# Input material:
__________
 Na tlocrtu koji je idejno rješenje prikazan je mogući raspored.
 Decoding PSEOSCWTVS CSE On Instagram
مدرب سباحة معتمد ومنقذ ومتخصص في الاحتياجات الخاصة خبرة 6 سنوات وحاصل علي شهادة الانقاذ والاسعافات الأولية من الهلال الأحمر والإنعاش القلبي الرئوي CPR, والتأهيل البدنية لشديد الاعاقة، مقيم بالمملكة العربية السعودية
__________
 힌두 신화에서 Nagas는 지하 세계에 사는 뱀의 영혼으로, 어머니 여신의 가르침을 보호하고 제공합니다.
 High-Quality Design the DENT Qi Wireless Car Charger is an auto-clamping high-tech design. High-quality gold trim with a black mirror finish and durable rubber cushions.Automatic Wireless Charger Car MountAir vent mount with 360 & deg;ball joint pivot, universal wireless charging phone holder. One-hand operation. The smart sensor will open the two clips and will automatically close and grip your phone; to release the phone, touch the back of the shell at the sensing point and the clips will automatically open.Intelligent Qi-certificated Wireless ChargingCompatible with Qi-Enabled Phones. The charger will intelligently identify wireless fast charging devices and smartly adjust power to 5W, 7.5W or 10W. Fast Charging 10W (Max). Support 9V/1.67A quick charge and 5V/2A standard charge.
__________
# Work to be completed:
From the line holding "힌두 신화에서 Nagas는 지하" to the line holding "High-Quality Design the", inclusive, restate each line above exactly as written.

# Completed exercise:
 힌두 신화에서 Nagas는 지하 세계에 사는 뱀의 영혼으로, 어머니 여신의 가르침을 보호하고 제공합니다.
 High-Quality Design the DENT Qi Wireless Car Charger is an auto-clamping high-tech design. High-quality gold trim with a black mirror finish and durable rubber cushions.Automatic Wireless Charger Car MountAir vent mount with 360 & deg;ball joint pivot, universal wireless charging phone holder. One-hand operation. The smart sensor will open the two clips and will automatically close and grip your phone; to release the phone, touch the back of the shell at the sensing point and the clips will automatically open.Intelligent Qi-certificated Wireless ChargingCompatible with Qi-Enabled Phones. The charger will intelligently identify wireless fast charging devices and smartly adjust power to 5W, 7.5W or 10W. Fast Charging 10W (Max). Support 9V/1.67A quick charge and 5V/2A standard charge.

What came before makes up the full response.